Once the images are set aside, output the listing exactly as it stands.
Start of Supplied records
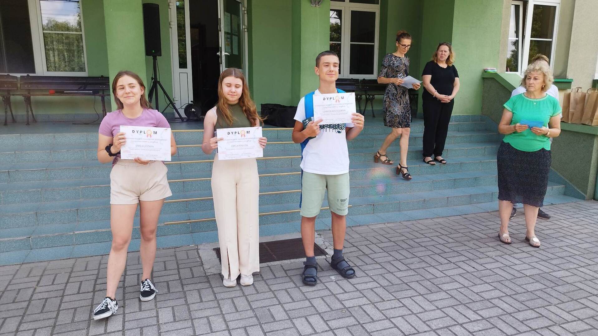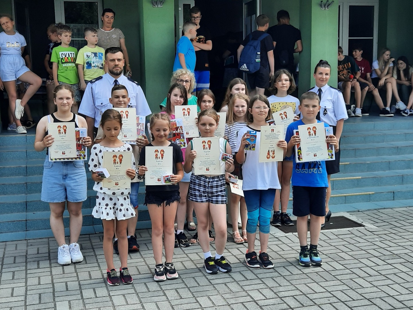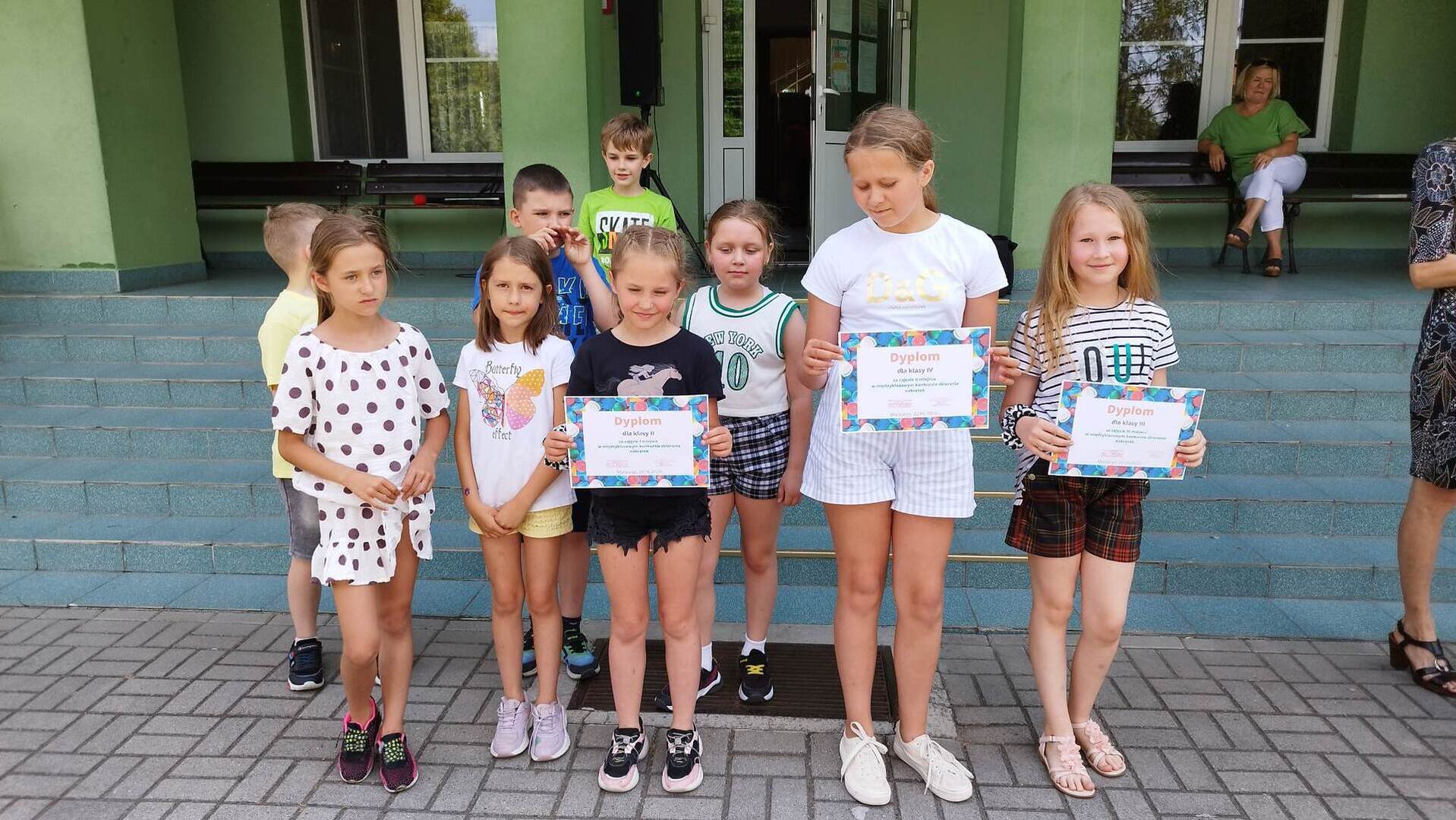 W czwartek 22.06.2023r na krótkim apelu zostały podsumowane szkolne konkursy. Nagrody otrzymali uczniowie którzy najwięcej przynieśli makulatury, baterii lub puszek. W szkolnym konkursie międzyklasowym zbierania nakrętek wyłoniono trzy pierwsze miejsca. Najwięcej nakrętek zebrała klasa II (61,20 kg), następnie klasa IV (34,2kg) oraz klasa III (28,9 kg). Klasy te w nagrodę otrzymały Pizzę. Łącznie w szkole zebrano 171,60 kg nakrętek. Nagrodzeni zostali również uczniowie laureaci konkursu z SKO oraz uczniowie którzy cały rok pracowali w programie Instaling ucząc się niemieckich słówek. Na zakończenie nagrody otrzymali wszyscy uczniowie oraz [przedszkolaki którzy brali udział w konkursie plastycznym organizowanym przrez Ochotniczą Straż Pożarną.
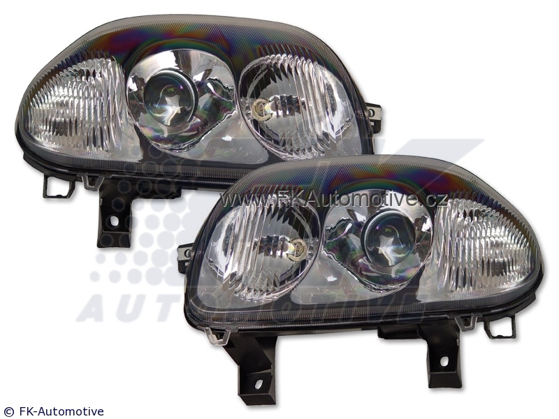 Přední světla Design na Renault Clio B r.v. 98-01, černé pozadí, integrovaný blinkr. Homologace E. Cena je za pár.
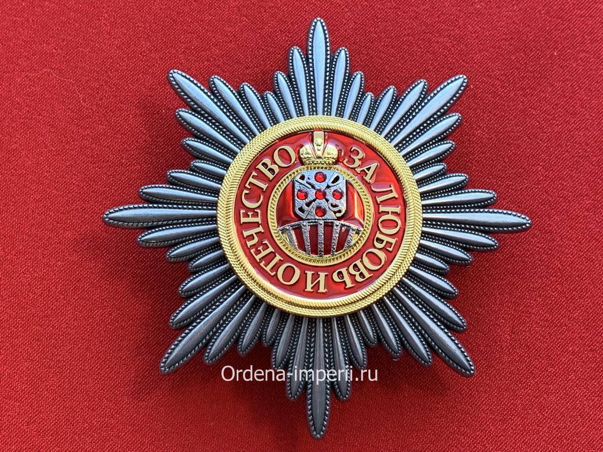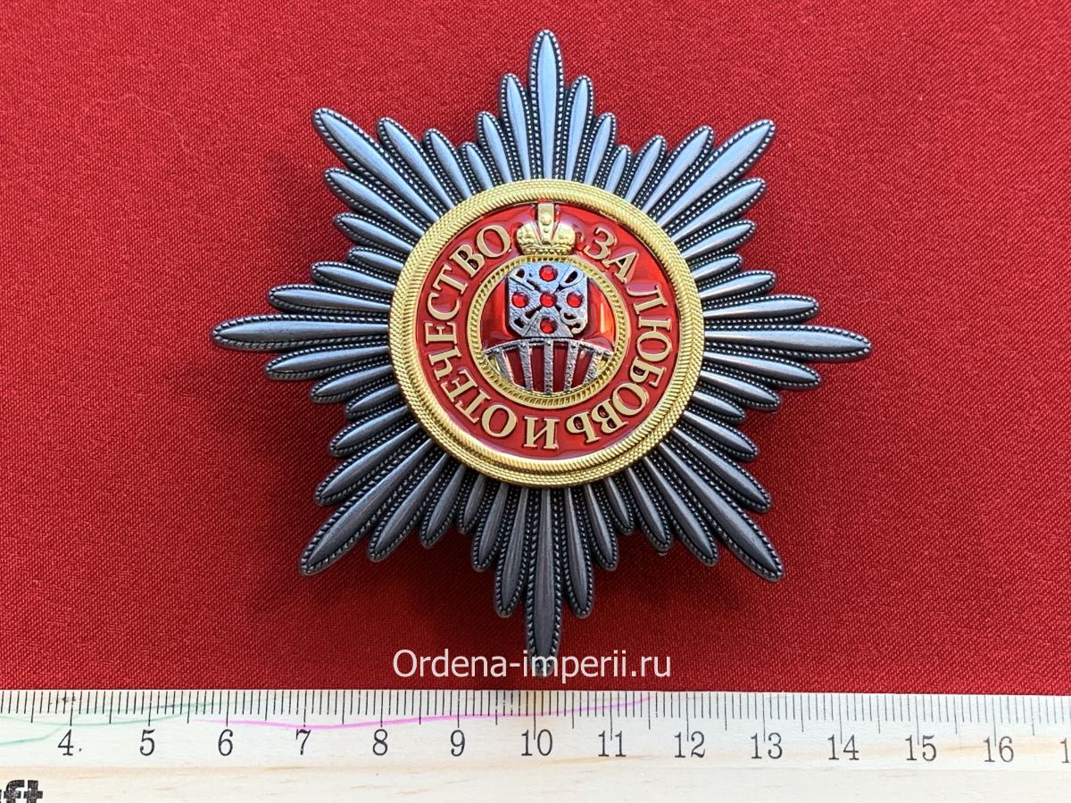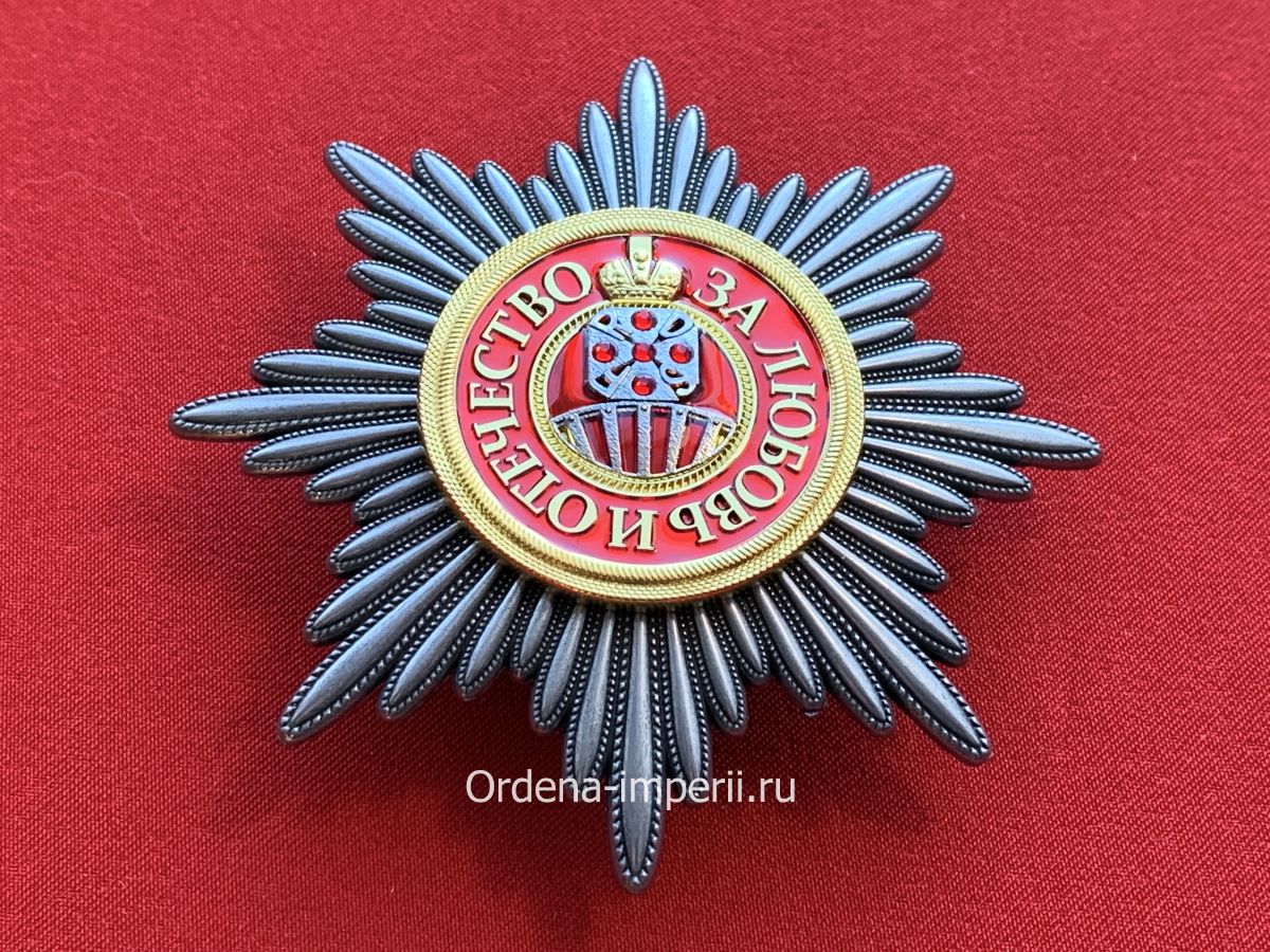 Уникальный лот! Полноразмерная звезда ордена Святой Екатерины, копия LUX! 1713 год. C элементами ручной работы! Выполнена из сплава цветных металлов, с использованием горячих эмалей! Размер 88х88 мм. Вес 83 гр.
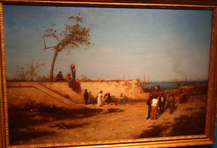 | Keywords: Fruit Vendors Under the Sea Wall at Nassau, New Providence, by Louis Comfort Tiffany, 1870, oil on canvas - New Britain Museum of American Art - DSC09725.JPG Louis Comfort Tiffany 1870 oil on canvas painting Exhibited in the New Britain Museum of American Art New Britain Connecticut USA This artwork is in the public domain because the artist died more than 70 years ago 2013-06-27 13 15 20 own Daderot PD-old-70-1923 cc-zero Uploaded with UploadWizard Paintings by Louis Comfort Tiffany Paintings in the New Britain Museum of American Art 1870 oil on canvas paintings in the United States |
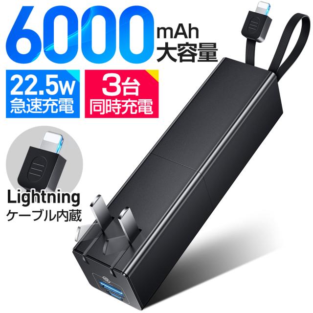 モバイルバッテリー 6000mAh 小型 大容量 軽量 充電器 3台同時充電 スマホ充電器 USB電源アダプター Lightningケーブル内蔵 携帯充電器 PD iPhone Android 対応
End of Supplied records
Answer space>
 W czwartek 22.06.2023r na krótkim apelu zostały podsumowane szkolne konkursy. Nagrody otrzymali uczniowie którzy najwięcej przynieśli makulatury, baterii lub puszek. W szkolnym konkursie międzyklasowym zbierania nakrętek wyłoniono trzy pierwsze miejsca. Najwięcej nakrętek zebrała klasa II (61,20 kg), następnie klasa IV (34,2kg) oraz klasa III (28,9 kg). Klasy te w nagrodę otrzymały Pizzę. Łącznie w szkole zebrano 171,60 kg nakrętek. Nagrodzeni zostali również uczniowie laureaci konkursu z SKO oraz uczniowie którzy cały rok pracowali w programie Instaling ucząc się niemieckich słówek. Na zakończenie nagrody otrzymali wszyscy uczniowie oraz [przedszkolaki którzy brali udział w konkursie plastycznym organizowanym przrez Ochotniczą Straż Pożarną.
 Přední světla Design na Renault Clio B r.v. 98-01, černé pozadí, integrovaný blinkr. Homologace E. Cena je za pár.
 Уникальный лот! Полноразмерная звезда ордена Святой Екатерины, копия LUX! 1713 год. C элементами ручной работы! Выполнена из сплава цветных металлов, с использованием горячих эмалей! Размер 88х88 мм. Вес 83 гр.
 | Keywords: Fruit Vendors Under the Sea Wall at Nassau, New Providence, by Louis Comfort Tiffany, 1870, oil on canvas - New Britain Museum of American Art - DSC09725.JPG Louis Comfort Tiffany 1870 oil on canvas painting Exhibited in the New Britain Museum of American Art New Britain Connecticut USA This artwork is in the public domain because the artist died more than 70 years ago 2013-06-27 13 15 20 own Daderot PD-old-70-1923 cc-zero Uploaded with UploadWizard Paintings by Louis Comfort Tiffany Paintings in the New Britain Museum of American Art 1870 oil on canvas paintings in the United States |
 モバイルバッテリー 6000mAh 小型 大容量 軽量 充電器 3台同時充電 スマホ充電器 USB電源アダプター Lightningケーブル内蔵 携帯充電器 PD iPhone Android 対応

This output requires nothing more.